Problems with internet exchanges
Many internet exchanges are implemented as a layer-2 broadcast domain, and often include a route server to make it easier for participants to exchange routes with everyone over a single peering. Layer-2 broadcast domains need to be well policed though, because people can easily mess with other peoples' traffic, either accidentally, or maliciously.
Things that you need to watch out for on a layer-2 broadcast domain:
- Broadcast traffic - ARP requests are necessary, others probably aren't
- MAC spoofing
- ARP spoofing/proxy ARP
- STP & other lovely protocols
Things that you need at an IPv4/IPv6 peering exchange
- Unicast IPv4 and IPv6 traffic
- ARP requests (not necessarily broadcast)
- Legitimate ARP replies
Where's the button to turn this all on?
You'll often build an internet exchange with cheap and big switches, so you're not likely to have a huge amount of functionality to do clever stuff like this - and I've never seen a switch config before that lets me check the validity of ARP replies. To do this in software, however, is pretty easy.
Software Peering Exchange
Here's something I put together last night: https://github.com/samrussell/ryu/blob/master/ryu/app/spe.py
It's an extension of my OF1.2 learning switch, with an extra table to handle ARP entries. Here's how the tables are laid out:
The controller takes some simple JSON config of which IP is expected on each port, and loads these into the switch. Table 0 forwards all ARP packets to table 1, and table 1 checks the packets - if they're ARP requests, then it forwards them out the appropriate port (so ARP requests are effectively unicast across the internet exchange), and for ARP replies, it only allows each port to reply for its own IP address. Any packets that don't get forwarded out a port get sent to the controller (including valid ARP replies before we learn any MAC addresses, but the controller deals with this smartly & learns the MAC address properly).

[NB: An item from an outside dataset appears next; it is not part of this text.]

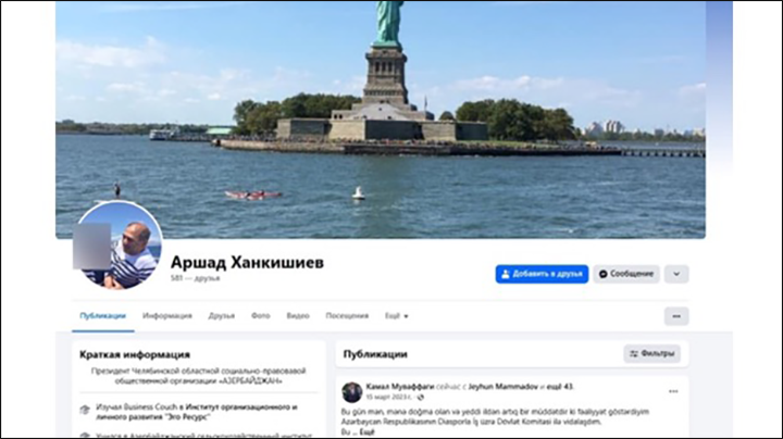 Речь идёт об Аршаде Ханкишиеве. Он был президентом ликвидированных по суду общественной организации "Азербайджан" и НКО "Региональная национально-культурная автономия азербайджанцев Челябинской области". Примечательно, что с русским паспортом ему пришлось попрощаться за поддержку Алексея Навального**. Взгляды свои он не скрывал и даже в качестве обложки на Facebook*** многозначительно установил фотографию с американской статуей Свободы.

This is combined with the learning switch that I posted earlier in the week, with one alteration - our source-MAC matches also have to match the ethertype, and this can be constrained in the controller to limit it to IPv4 or IPV6 (or either or - this could be done on a per port basis if you wanted to). Packets with known source-MACs are send to table 2, and then forwarded out the right port if we've learned their MAC - otherwise, it goes to the controller for processing.
What else can we do?
We can lock down the controller a bit to only allow IPv4, IPv6 and ARP - this would stop CDP, STP and the like leaking into the exchange - only valid traffic, and no spoofing.
We could go a step further though - we could build in ACLs on each port based on the routes that they announce for basic RPF, so that a participant can only route traffic from an IP range if they advertise that route to the exchange already - this would prevent asymmetric routing.
So go, have a play - see if you can break it or find something else to add!